%%

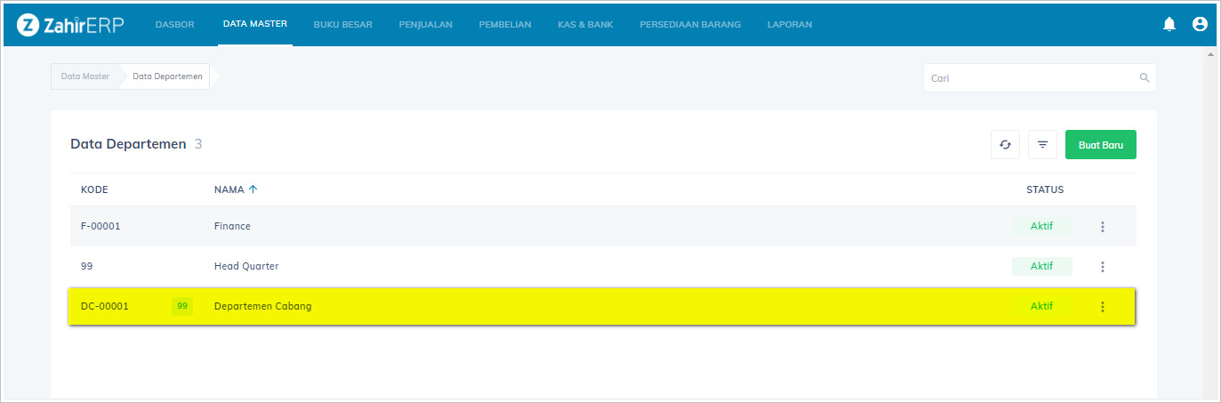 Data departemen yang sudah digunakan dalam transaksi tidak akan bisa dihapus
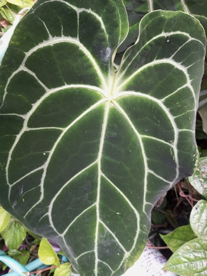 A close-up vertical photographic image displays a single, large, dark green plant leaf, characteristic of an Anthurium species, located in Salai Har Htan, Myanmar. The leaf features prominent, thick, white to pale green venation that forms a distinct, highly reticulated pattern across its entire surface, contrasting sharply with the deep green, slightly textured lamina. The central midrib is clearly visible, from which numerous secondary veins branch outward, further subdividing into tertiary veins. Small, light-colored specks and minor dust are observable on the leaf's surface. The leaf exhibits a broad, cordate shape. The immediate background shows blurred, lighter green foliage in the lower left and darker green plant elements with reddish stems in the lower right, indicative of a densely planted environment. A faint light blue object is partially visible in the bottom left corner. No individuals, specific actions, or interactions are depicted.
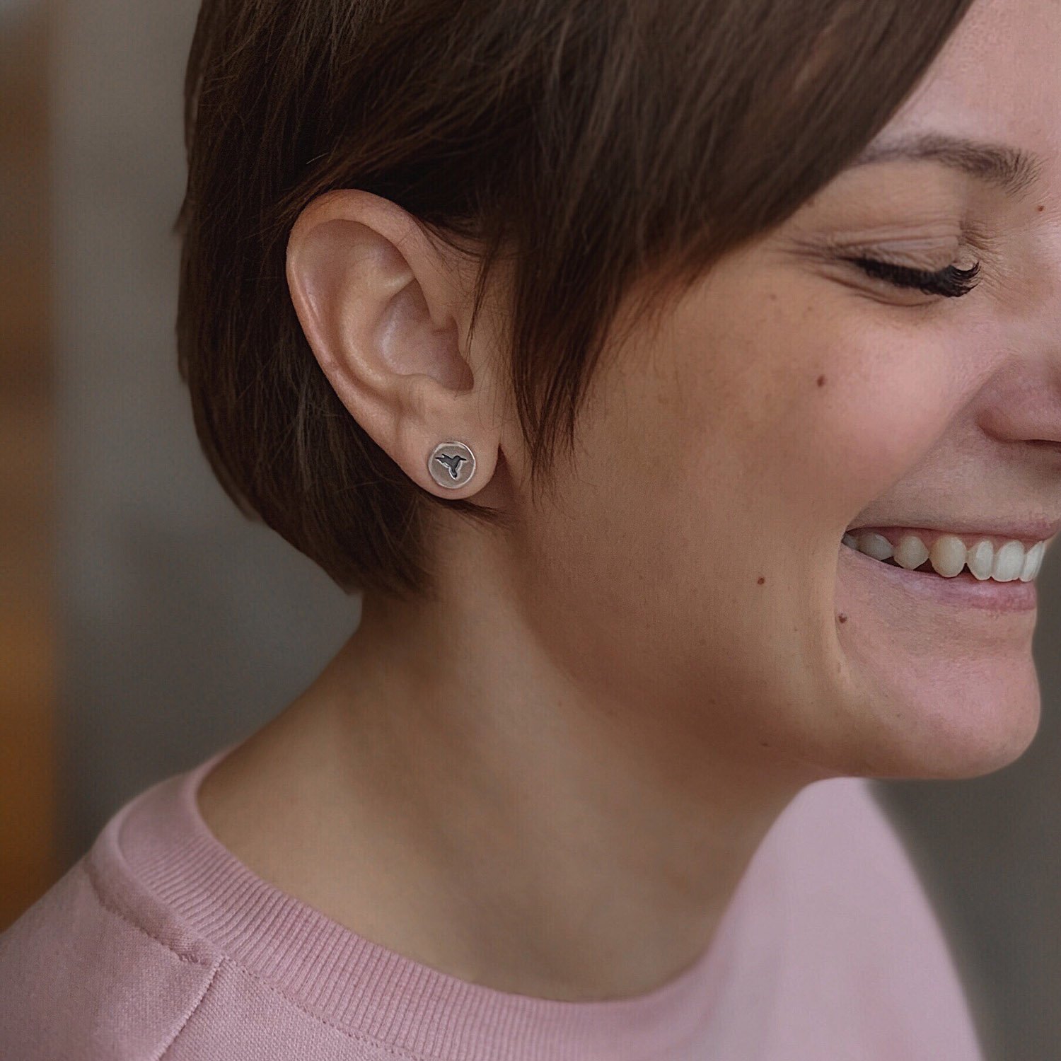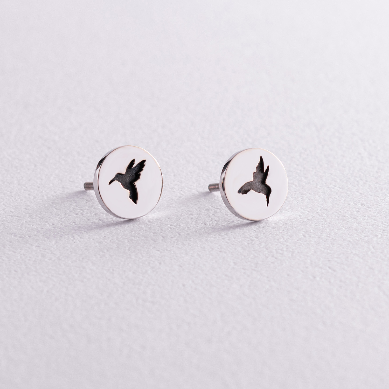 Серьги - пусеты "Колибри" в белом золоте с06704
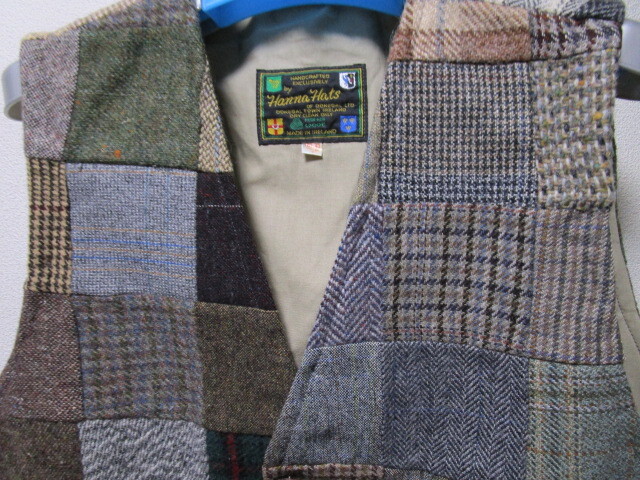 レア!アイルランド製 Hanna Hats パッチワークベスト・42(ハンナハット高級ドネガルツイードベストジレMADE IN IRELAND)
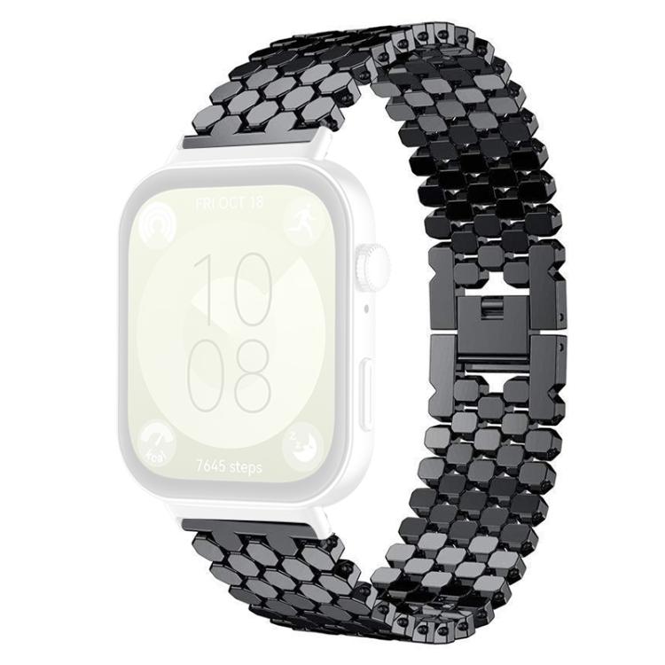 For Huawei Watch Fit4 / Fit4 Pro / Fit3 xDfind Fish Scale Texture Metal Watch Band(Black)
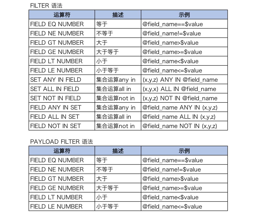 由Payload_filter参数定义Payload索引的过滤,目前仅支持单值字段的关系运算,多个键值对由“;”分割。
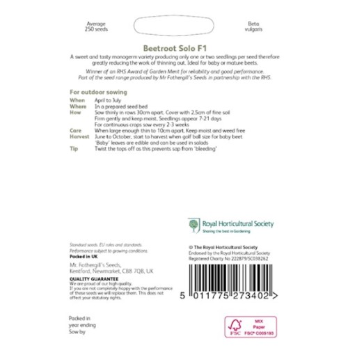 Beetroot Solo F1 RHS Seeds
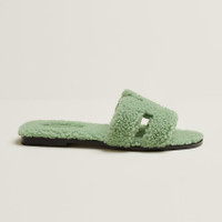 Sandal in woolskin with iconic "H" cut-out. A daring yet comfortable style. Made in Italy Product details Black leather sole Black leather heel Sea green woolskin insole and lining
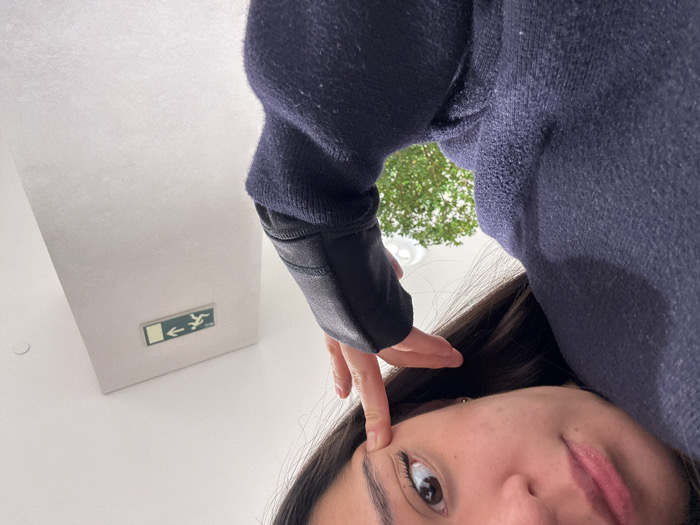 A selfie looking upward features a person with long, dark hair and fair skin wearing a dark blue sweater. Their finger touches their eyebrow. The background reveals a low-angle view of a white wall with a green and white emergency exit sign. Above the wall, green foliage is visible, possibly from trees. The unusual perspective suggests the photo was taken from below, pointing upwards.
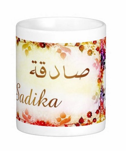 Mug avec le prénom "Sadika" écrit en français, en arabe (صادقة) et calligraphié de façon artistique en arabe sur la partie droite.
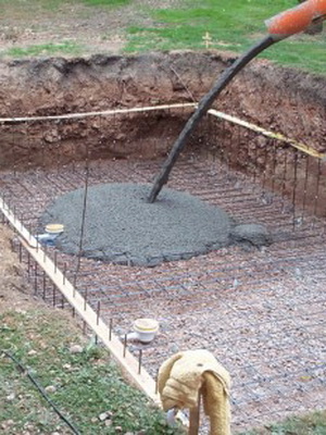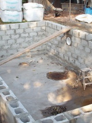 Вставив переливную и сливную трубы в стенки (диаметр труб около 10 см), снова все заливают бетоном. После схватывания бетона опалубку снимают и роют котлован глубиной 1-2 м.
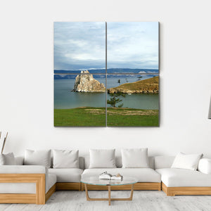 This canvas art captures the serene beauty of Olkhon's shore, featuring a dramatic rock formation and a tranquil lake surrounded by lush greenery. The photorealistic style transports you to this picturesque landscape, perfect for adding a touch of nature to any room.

%%

_What you are asked to do_:
From the opening line of the entries, copy each line exactly until the line with "A selfie looking", which is copied as well; leave out pictures.

_Written answer_:
 Data departemen yang sudah digunakan dalam transaksi tidak akan bisa dihapus
 A close-up vertical photographic image displays a single, large, dark green plant leaf, characteristic of an Anthurium species, located in Salai Har Htan, Myanmar. The leaf features prominent, thick, white to pale green venation that forms a distinct, highly reticulated pattern across its entire surface, contrasting sharply with the deep green, slightly textured lamina. The central midrib is clearly visible, from which numerous secondary veins branch outward, further subdividing into tertiary veins. Small, light-colored specks and minor dust are observable on the leaf's surface. The leaf exhibits a broad, cordate shape. The immediate background shows blurred, lighter green foliage in the lower left and darker green plant elements with reddish stems in the lower right, indicative of a densely planted environment. A faint light blue object is partially visible in the bottom left corner. No individuals, specific actions, or interactions are depicted.
 Серьги - пусеты "Колибри" в белом золоте с06704
 レア!アイルランド製 Hanna Hats パッチワークベスト・42(ハンナハット高級ドネガルツイードベストジレMADE IN IRELAND)
 For Huawei Watch Fit4 / Fit4 Pro / Fit3 xDfind Fish Scale Texture Metal Watch Band(Black)
 由Payload_filter参数定义Payload索引的过滤,目前仅支持单值字段的关系运算,多个键值对由“;”分割。
 Beetroot Solo F1 RHS Seeds
 Sandal in woolskin with iconic "H" cut-out. A daring yet comfortable style. Made in Italy Product details Black leather sole Black leather heel Sea green woolskin insole and lining
 A selfie looking upward features a person with long, dark hair and fair skin wearing a dark blue sweater. Their finger touches their eyebrow. The background reveals a low-angle view of a white wall with a green and white emergency exit sign. Above the wall, green foliage is visible, possibly from trees. The unusual perspective suggests the photo was taken from below, pointing upwards.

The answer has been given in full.